Loremaster - Dice Heresy by Chris Sims

Wonder what to make of this, in light of recent discussions.


----------



## Piratecat (Apr 21, 2010)

Burn him! Burn the witch!

*ahem*

Clearly, I have an unnatural love for my d20. Is that so bad?


----------



## Dausuul (Apr 21, 2010)

I used to be a fan of bell-curve mechanics like the 3d6 roll. Nowadays, I think the regular d20 is a better choice. It's easier to calculate probabilities when designing monsters and skill challenges, the effects of bonuses and penalties on the roll are more consistent, and it lets us play with our pretty icosahedrons.

Most importantly, it reduces the amount of number-crunching in the game; two numbers to add together instead of four, on every single attack roll. I am not opposed to number-crunching in a good cause, but I do think D&D has way too many numbers to keep track of; they add up to a severe drag on the flow of combat. Any proposal which increases the amount of number manipulation is going to get a wary reception from me.

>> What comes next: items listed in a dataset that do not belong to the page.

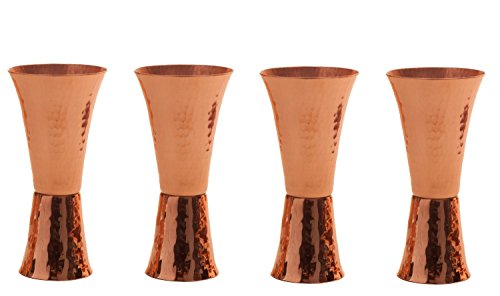 Sertodo Copper JGR-4 Double Sided Jigger, 1 oz and 2 oz Measured Shots, Hand Hammered 100% Pure Coppeer, 2 oz, Set of 4
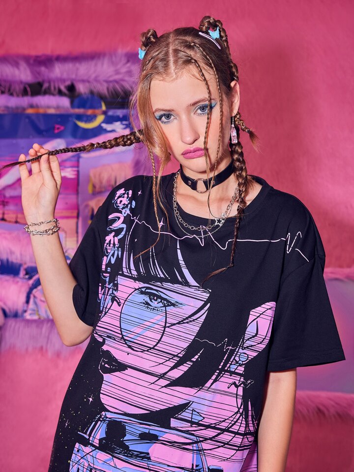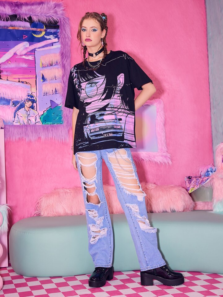 Mizucat تي شيرت حجم كبير بجرافيك سيارة وشخصية انيميلوف
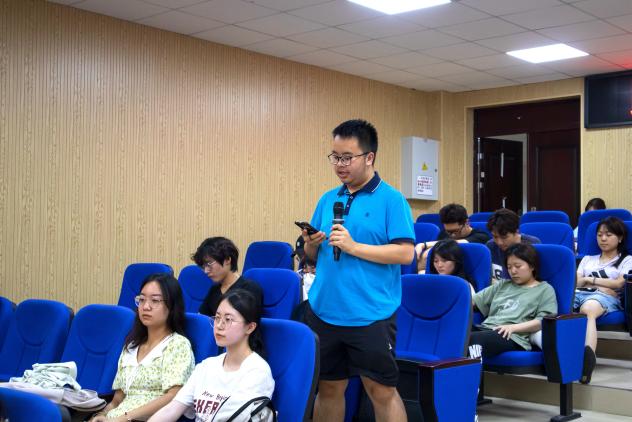 校工委副秘书长李景勃老师围绕“感恩、感动、踔厉、奋发”八个字进行总结讲话。她强调,我们首先是要感恩,我们青年学子生在红旗下,长在春风里,要感恩党,认真学习党的历史,自觉传承红色基因。其次是感动,对学院如此重视学校关心下一代工作表示感动,也对贵阳星光越剧团麒麟队的演出表示感动。麒麟队的成员年龄基本都在70岁以上,但仍精神矍铄,活跃在越剧表演的舞台上,只为传播中华优秀传统文化,传承红色基因。最后是踔厉奋发,李景勃老师希望身为新时代中国青年,要潜心求学、积极探索,用青春之我,奋斗之我,为祖国建设添砖加瓦,为学校高质量发展贡献旅文力量。
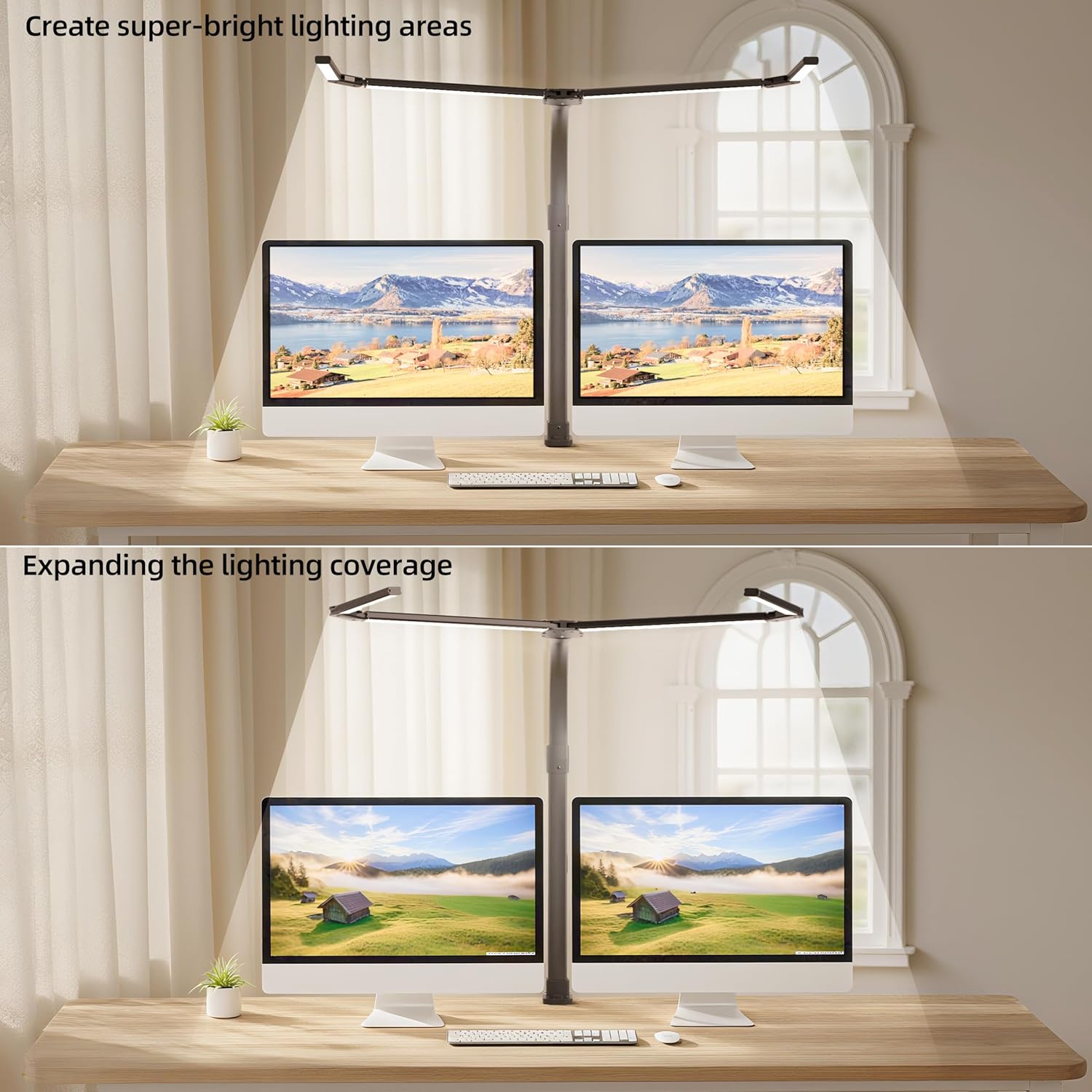 - 1800 Lumen Super bright, wide coverage lighting:This work light is equipped with 42inch double retractable arms and high-quality LED light strips. It can be folded or unfolded, and can evenly illuminate the entire tabletop with clear and flicker-free light. Moreover, the swivel part allows you to adjust the height or position of the lamp, which is very practical. Whether you are using a monitor, laptop, reading or writing, every corner of the working area can receive uniform lighting - there are no shadows or dark spots anymore! It is very suitable for large tables or environments with multitasking.

I certainly agree with the point that PC chances to hit are generally a bit low - it's a contributing factor in grind, especially when facing soldier-type monsters - but why not apply a flat bonus and adjust monster stats accordingly? Or, for that matter, adjust monster stats and leave the PCs alone? (Cranking down monster defenses has the same effect as cranking up PC attack rolls and doesn't require any "house rule headspace" for the players.)


----------



## Vyvyan Basterd (Apr 21, 2010)

ggroy said:


> Wonder what to make of this, in light of recent discussions.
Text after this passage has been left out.